## The task
Transcribe the listing in full, word for word; pictures do not belong in the copy.

## Recorded data
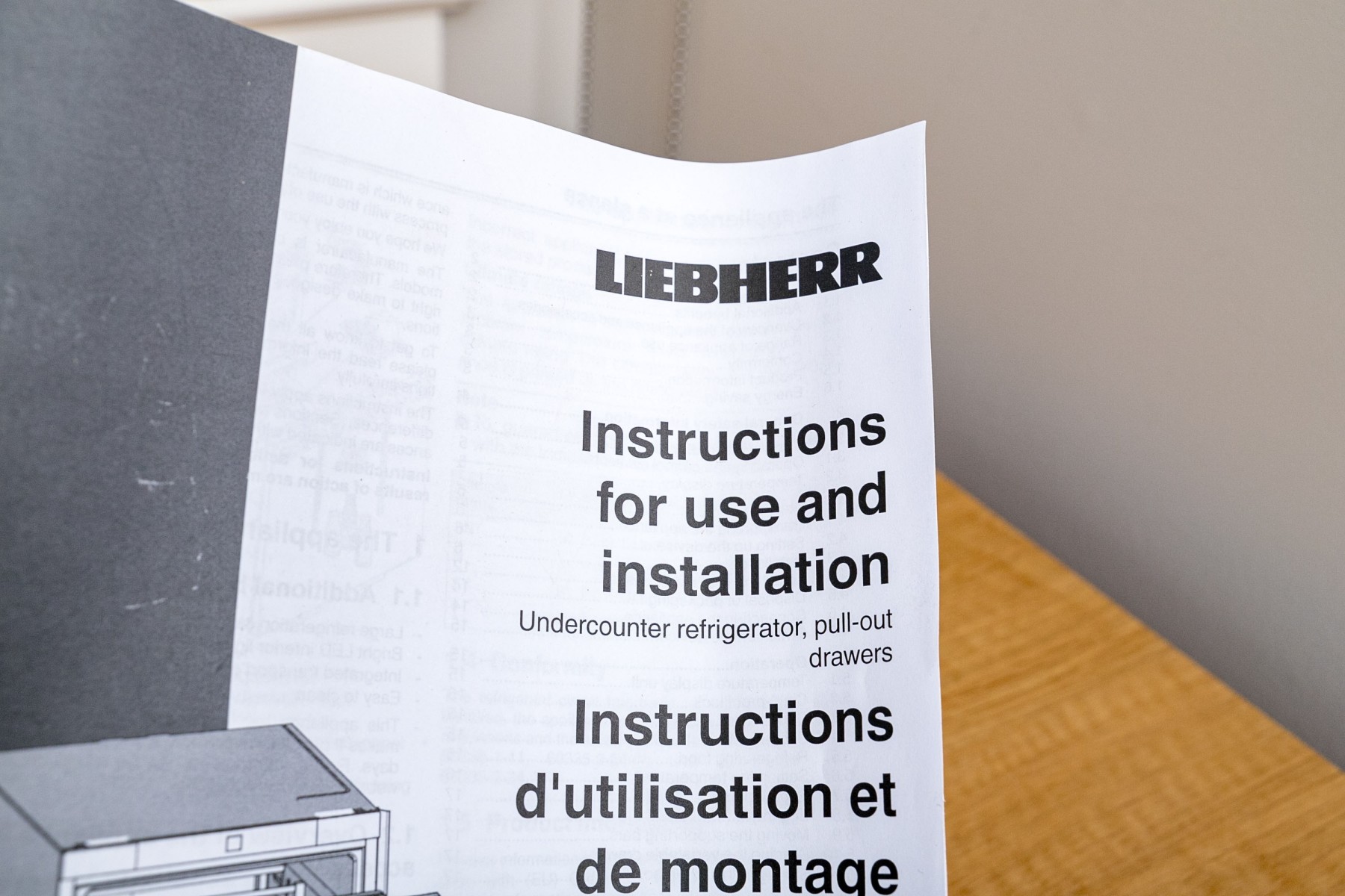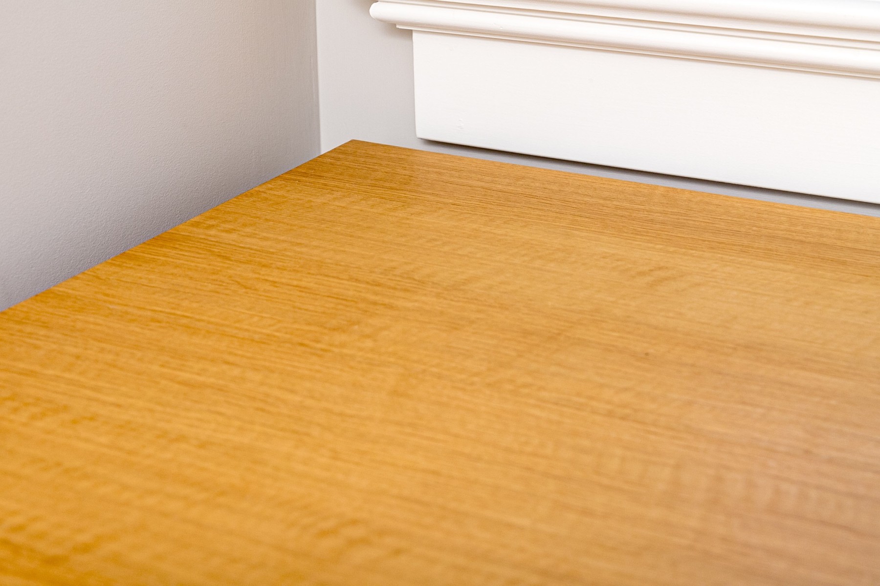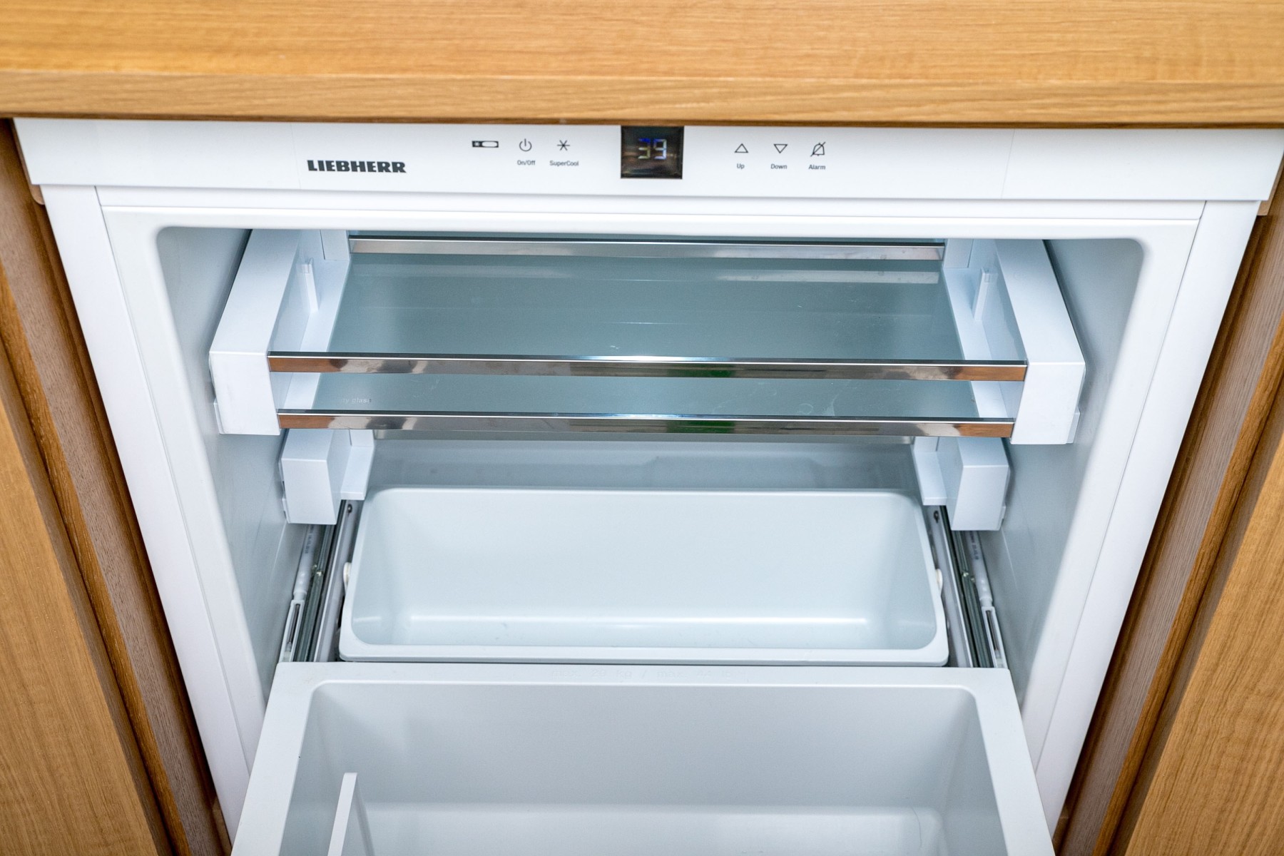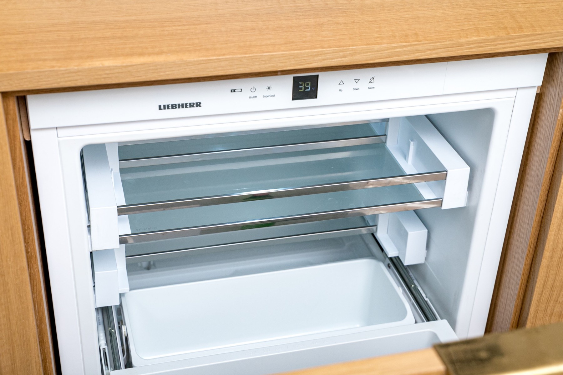 A luxurious custom Liebherr drinks fridge flanked by storage cabinets in gorgeous blonde wood. The cabinet sports a clean, minimalist design with a rectangular top leading into sleek legs flanking a center with three panels topped by low-profile brass handles. The center panel opens to the fridge, while the thin side cabinets open to shelved interiors. High quality construction with a sophisticated aesthetic.
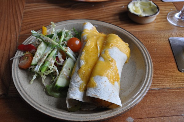 Det blir kycklingtortilla för oss alla och det smakar väldigt bra, mycket smak.
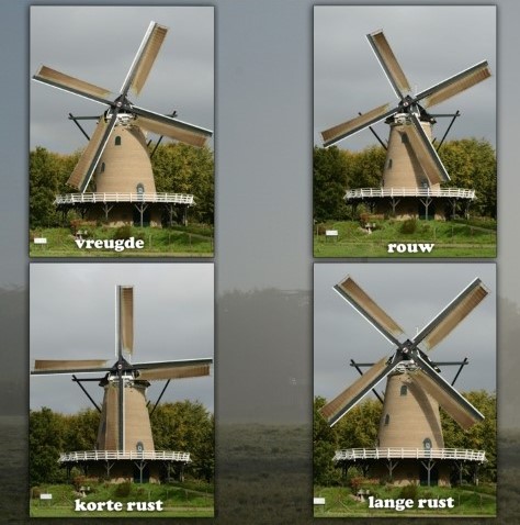 De stand van de wieken van de molen kan het volgende betekenen:

## Task response
 A luxurious custom Liebherr drinks fridge flanked by storage cabinets in gorgeous blonde wood. The cabinet sports a clean, minimalist design with a rectangular top leading into sleek legs flanking a center with three panels topped by low-profile brass handles. The center panel opens to the fridge, while the thin side cabinets open to shelved interiors. High quality construction with a sophisticated aesthetic.
 Det blir kycklingtortilla för oss alla och det smakar väldigt bra, mycket smak.
 De stand van de wieken van de molen kan het volgende betekenen:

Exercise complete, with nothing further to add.